THE PROBLEM:
Could you retype exactly the lines below between the one holding "electricians, plumbers, etc." and the one holding "T-shirt da uomo", inclusive, leaving out any pictures?
PROVIDED DATA below:
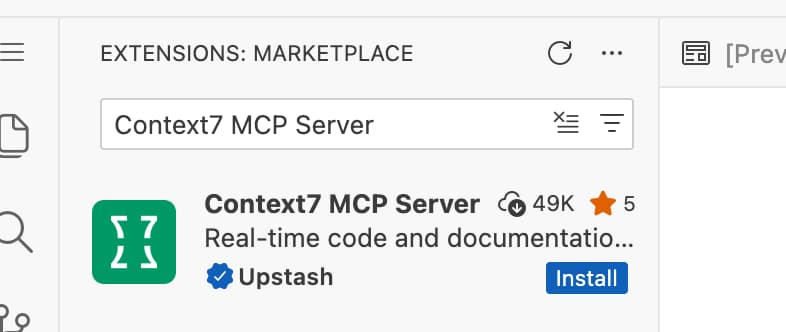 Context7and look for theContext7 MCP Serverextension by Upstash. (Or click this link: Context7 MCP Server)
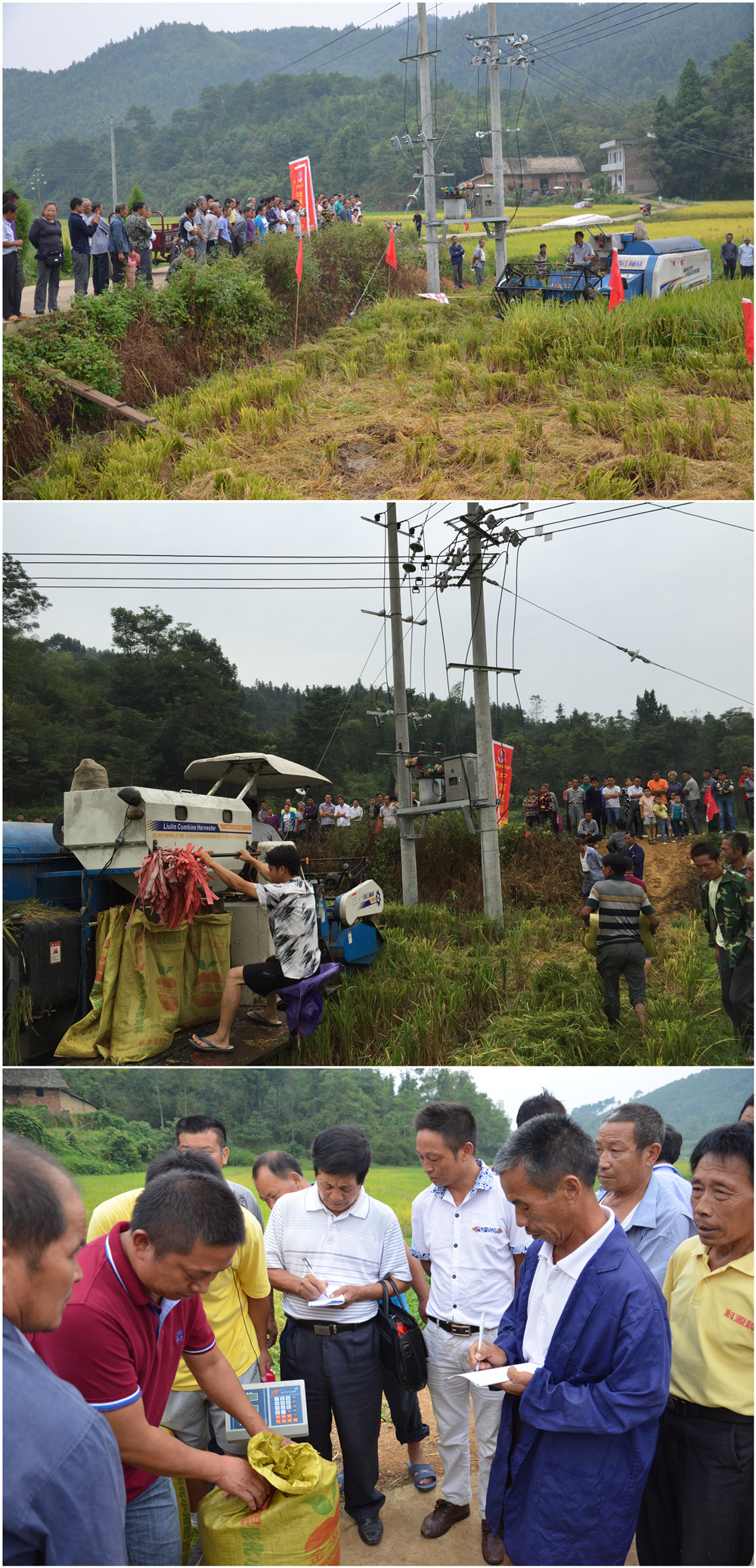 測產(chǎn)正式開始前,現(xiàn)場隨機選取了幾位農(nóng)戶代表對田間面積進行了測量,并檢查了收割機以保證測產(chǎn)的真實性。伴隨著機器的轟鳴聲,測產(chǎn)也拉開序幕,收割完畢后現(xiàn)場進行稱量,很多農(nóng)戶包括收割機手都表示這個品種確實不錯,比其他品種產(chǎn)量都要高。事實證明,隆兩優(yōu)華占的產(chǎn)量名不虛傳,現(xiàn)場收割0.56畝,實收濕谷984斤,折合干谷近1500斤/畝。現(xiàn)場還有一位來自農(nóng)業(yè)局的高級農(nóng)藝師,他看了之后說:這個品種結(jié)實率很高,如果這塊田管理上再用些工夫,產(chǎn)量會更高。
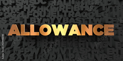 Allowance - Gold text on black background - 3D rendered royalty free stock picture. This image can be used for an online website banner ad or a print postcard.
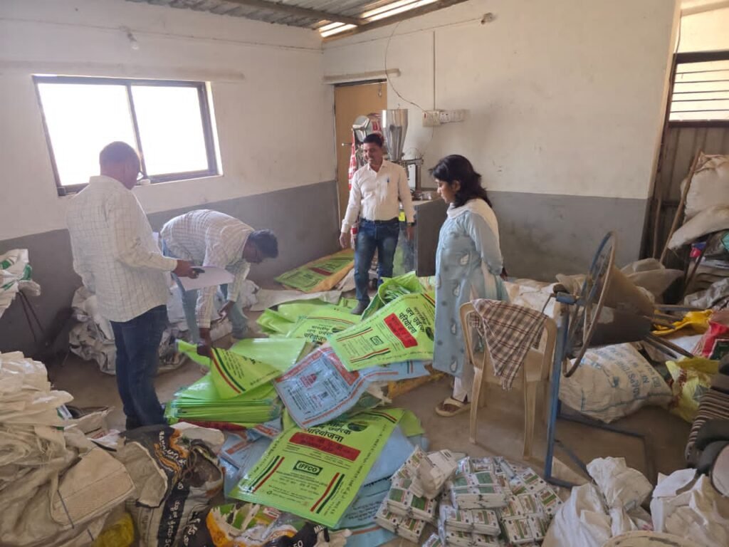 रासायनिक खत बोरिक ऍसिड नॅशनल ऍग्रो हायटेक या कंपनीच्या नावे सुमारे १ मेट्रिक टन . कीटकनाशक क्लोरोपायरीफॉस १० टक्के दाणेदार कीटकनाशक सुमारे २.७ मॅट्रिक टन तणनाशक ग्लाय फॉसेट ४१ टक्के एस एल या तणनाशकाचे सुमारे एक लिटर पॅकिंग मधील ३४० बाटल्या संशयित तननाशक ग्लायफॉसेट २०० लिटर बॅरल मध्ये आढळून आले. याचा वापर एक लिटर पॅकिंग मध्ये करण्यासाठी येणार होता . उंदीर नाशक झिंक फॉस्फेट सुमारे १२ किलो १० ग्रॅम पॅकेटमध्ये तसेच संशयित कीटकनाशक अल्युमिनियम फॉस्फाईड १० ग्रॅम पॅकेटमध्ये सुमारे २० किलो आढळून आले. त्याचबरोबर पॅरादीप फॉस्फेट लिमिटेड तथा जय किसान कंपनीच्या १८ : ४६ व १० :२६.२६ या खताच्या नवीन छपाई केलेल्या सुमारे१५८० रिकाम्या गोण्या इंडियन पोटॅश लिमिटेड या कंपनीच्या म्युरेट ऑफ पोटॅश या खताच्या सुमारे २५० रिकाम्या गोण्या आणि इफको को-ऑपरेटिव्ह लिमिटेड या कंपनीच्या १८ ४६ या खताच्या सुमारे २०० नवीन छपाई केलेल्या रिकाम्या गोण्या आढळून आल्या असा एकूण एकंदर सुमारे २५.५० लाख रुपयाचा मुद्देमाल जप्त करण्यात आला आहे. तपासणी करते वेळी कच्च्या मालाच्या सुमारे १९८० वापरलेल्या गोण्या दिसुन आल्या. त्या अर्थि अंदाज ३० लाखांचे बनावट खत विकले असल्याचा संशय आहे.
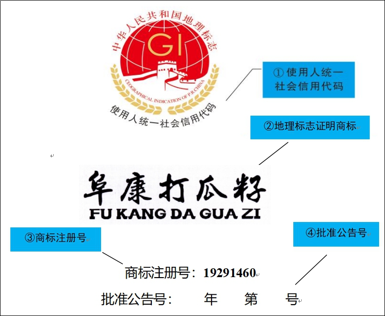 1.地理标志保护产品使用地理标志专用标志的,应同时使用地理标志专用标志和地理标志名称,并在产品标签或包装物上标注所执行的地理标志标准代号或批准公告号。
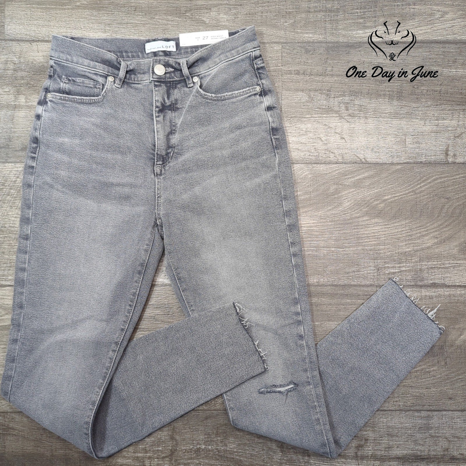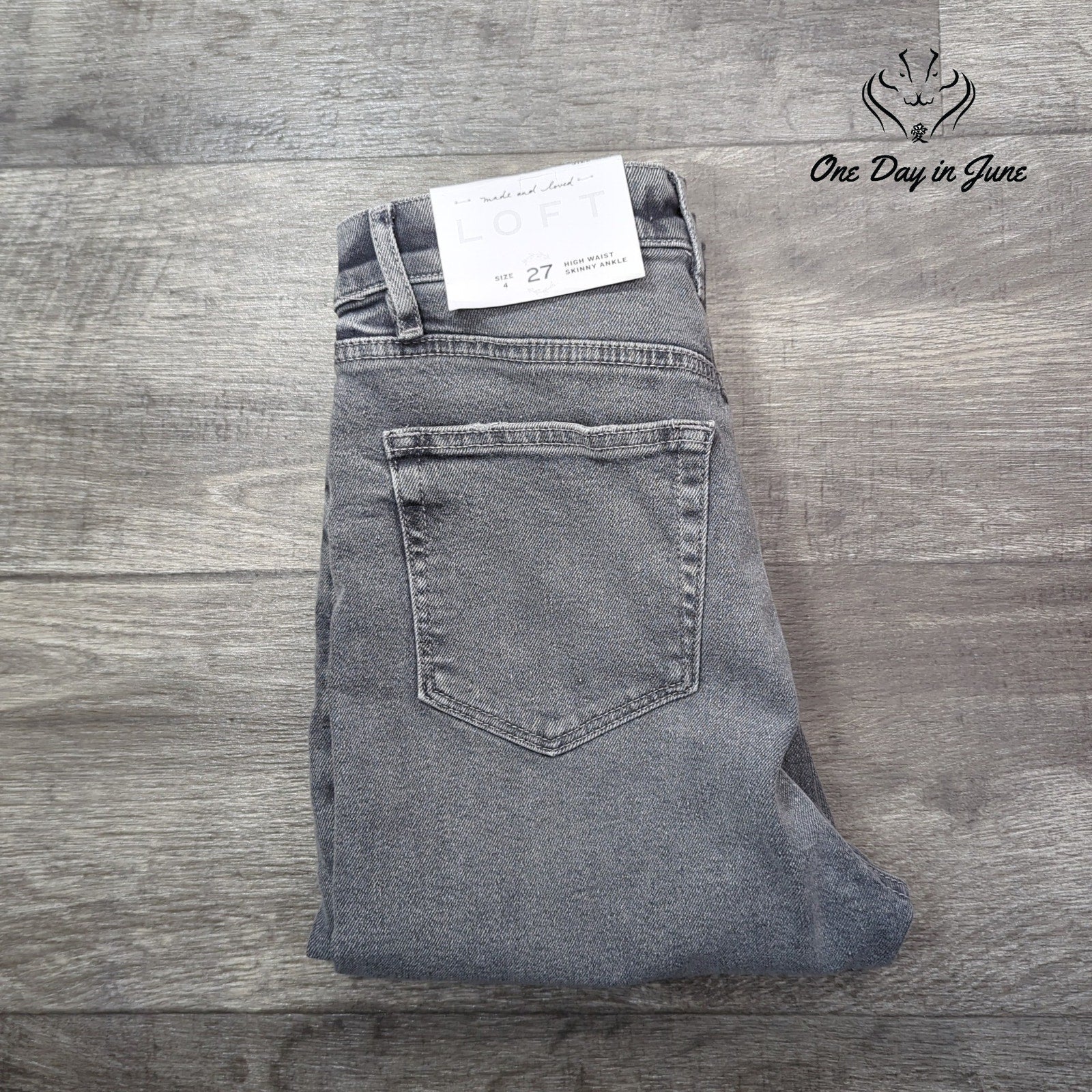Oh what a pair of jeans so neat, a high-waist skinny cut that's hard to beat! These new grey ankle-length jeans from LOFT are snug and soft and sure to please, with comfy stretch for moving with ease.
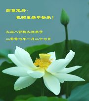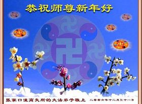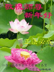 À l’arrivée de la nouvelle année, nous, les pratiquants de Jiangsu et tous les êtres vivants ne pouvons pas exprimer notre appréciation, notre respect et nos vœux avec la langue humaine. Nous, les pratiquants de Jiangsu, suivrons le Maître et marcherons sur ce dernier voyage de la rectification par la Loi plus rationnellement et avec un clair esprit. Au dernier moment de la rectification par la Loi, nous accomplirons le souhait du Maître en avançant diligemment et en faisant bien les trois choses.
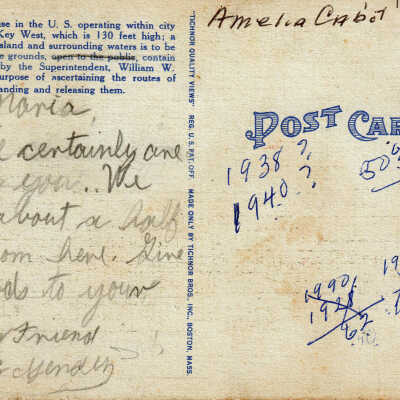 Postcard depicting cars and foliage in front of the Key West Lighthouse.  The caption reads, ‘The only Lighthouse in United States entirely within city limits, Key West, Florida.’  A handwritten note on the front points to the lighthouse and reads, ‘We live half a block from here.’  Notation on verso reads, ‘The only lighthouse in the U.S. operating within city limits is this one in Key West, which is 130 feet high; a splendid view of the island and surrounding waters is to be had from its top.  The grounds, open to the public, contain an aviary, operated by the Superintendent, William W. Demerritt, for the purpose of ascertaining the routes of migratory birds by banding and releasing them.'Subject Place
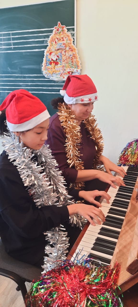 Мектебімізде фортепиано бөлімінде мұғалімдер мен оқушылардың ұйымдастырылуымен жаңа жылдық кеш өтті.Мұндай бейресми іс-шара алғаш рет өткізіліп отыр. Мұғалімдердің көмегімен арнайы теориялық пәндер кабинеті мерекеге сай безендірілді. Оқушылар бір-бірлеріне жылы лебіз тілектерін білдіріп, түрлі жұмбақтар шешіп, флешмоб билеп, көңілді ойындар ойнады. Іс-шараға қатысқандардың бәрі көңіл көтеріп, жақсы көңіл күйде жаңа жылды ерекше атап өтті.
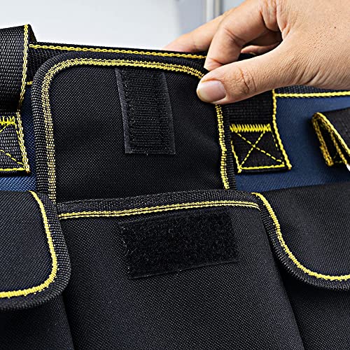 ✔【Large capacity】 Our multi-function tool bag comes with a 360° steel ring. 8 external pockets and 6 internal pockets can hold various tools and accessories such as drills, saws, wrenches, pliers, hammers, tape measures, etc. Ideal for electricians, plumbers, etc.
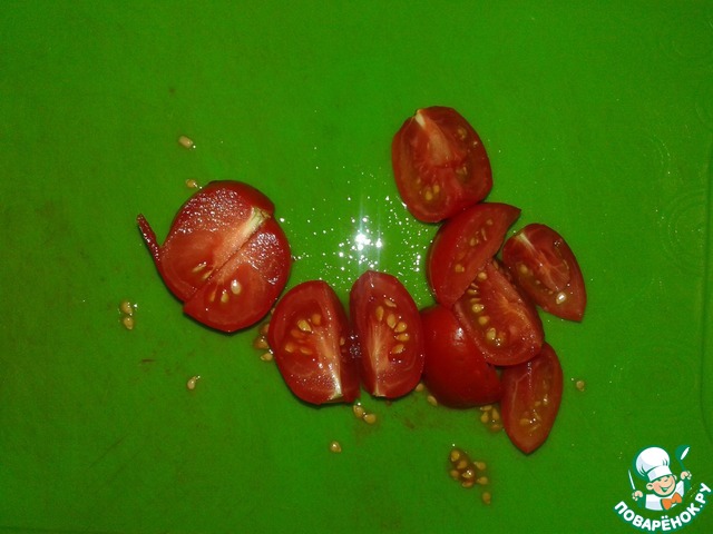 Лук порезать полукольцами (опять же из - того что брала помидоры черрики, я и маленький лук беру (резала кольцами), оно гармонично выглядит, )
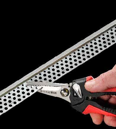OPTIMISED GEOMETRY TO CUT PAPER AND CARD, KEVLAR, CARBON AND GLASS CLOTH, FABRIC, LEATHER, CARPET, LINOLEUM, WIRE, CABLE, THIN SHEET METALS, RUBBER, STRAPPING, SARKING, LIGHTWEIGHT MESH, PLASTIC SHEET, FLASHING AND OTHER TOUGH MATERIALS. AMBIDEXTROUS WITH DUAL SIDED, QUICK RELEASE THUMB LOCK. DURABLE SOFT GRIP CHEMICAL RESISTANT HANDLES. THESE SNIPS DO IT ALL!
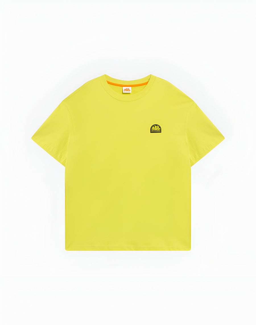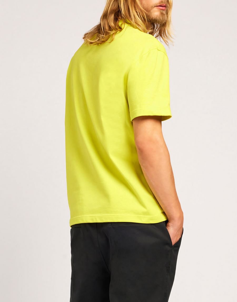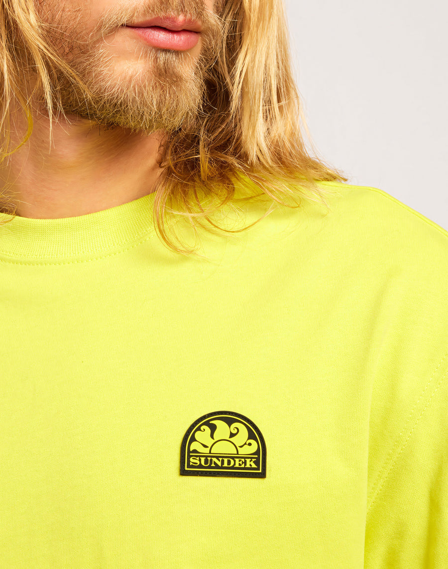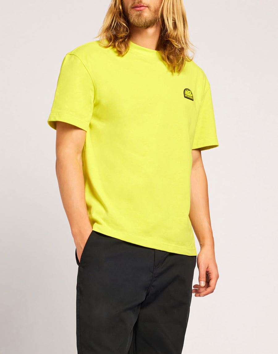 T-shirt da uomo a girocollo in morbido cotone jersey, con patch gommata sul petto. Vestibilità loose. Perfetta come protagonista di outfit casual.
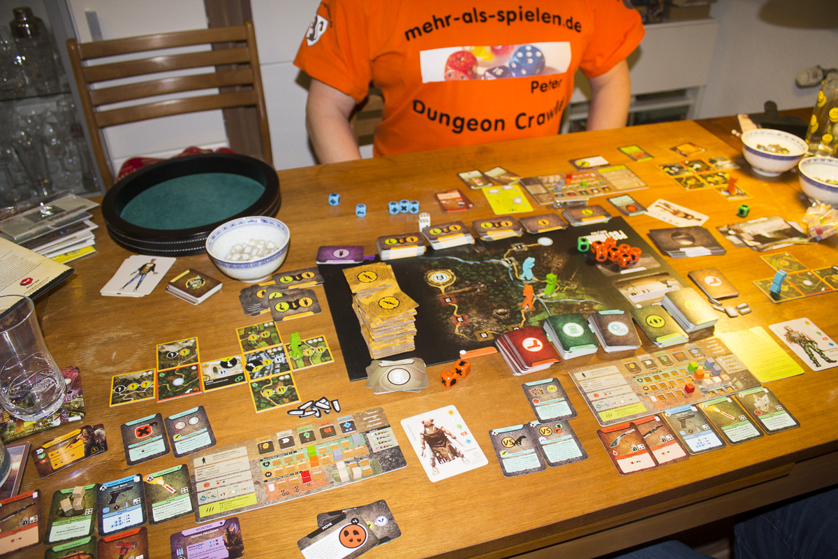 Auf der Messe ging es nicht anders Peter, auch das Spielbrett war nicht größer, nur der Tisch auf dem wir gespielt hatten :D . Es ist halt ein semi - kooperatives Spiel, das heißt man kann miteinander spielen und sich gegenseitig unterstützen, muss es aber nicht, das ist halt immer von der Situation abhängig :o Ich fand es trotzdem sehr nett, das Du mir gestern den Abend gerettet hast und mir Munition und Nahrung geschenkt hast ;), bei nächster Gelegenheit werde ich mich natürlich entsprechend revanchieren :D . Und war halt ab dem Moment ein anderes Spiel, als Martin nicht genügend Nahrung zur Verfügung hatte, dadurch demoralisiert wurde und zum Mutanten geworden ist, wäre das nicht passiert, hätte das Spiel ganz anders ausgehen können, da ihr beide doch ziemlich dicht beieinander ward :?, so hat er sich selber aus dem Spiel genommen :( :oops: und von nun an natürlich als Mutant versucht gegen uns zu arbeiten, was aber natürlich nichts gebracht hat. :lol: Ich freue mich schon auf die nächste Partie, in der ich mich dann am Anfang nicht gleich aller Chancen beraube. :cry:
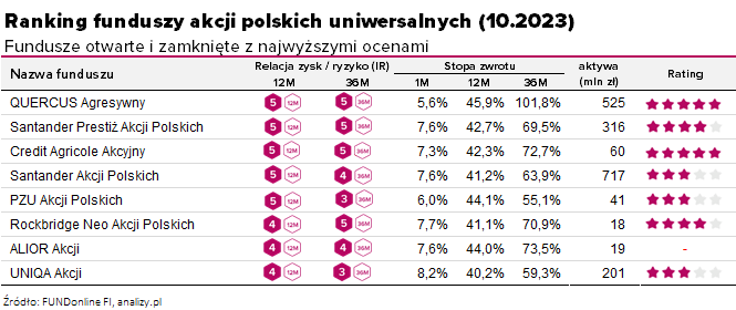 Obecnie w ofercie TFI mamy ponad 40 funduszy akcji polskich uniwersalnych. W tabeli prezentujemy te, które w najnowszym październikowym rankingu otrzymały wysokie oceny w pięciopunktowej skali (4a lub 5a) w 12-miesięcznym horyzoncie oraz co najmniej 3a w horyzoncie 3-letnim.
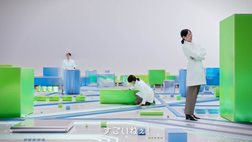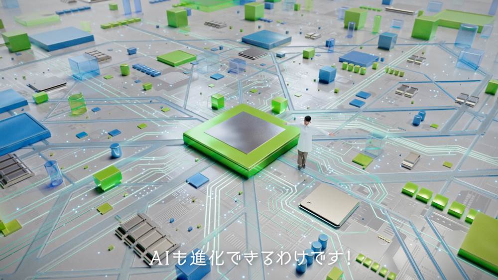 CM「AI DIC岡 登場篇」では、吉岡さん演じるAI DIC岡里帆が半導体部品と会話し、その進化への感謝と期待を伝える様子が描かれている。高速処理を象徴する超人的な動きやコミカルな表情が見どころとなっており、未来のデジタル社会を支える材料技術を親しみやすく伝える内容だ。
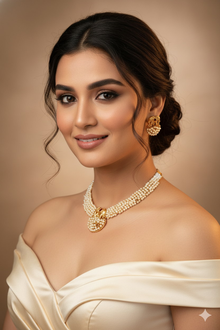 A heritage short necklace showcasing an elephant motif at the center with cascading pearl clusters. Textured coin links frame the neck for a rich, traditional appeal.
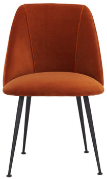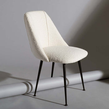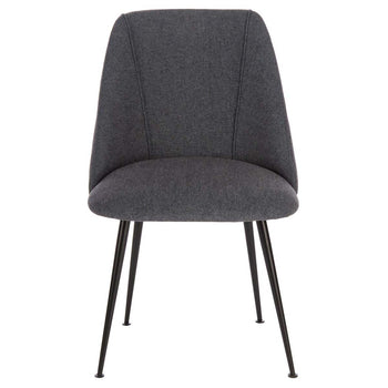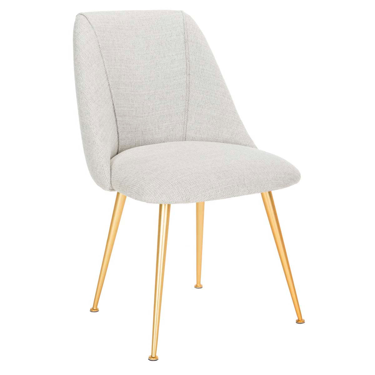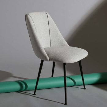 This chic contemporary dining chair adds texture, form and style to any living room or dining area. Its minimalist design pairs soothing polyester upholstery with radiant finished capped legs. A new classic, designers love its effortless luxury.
End of PROVIDED DATA.
ANSWER BELOW:
 ✔【Large capacity】 Our multi-function tool bag comes with a 360° steel ring. 8 external pockets and 6 internal pockets can hold various tools and accessories such as drills, saws, wrenches, pliers, hammers, tape measures, etc. Ideal for electricians, plumbers, etc.
 Лук порезать полукольцами (опять же из - того что брала помидоры черрики, я и маленький лук беру (резала кольцами), оно гармонично выглядит, )
OPTIMISED GEOMETRY TO CUT PAPER AND CARD, KEVLAR, CARBON AND GLASS CLOTH, FABRIC, LEATHER, CARPET, LINOLEUM, WIRE, CABLE, THIN SHEET METALS, RUBBER, STRAPPING, SARKING, LIGHTWEIGHT MESH, PLASTIC SHEET, FLASHING AND OTHER TOUGH MATERIALS. AMBIDEXTROUS WITH DUAL SIDED, QUICK RELEASE THUMB LOCK. DURABLE SOFT GRIP CHEMICAL RESISTANT HANDLES. THESE SNIPS DO IT ALL!
 T-shirt da uomo a girocollo in morbido cotone jersey, con patch gommata sul petto. Vestibilità loose. Perfetta come protagonista di outfit casual.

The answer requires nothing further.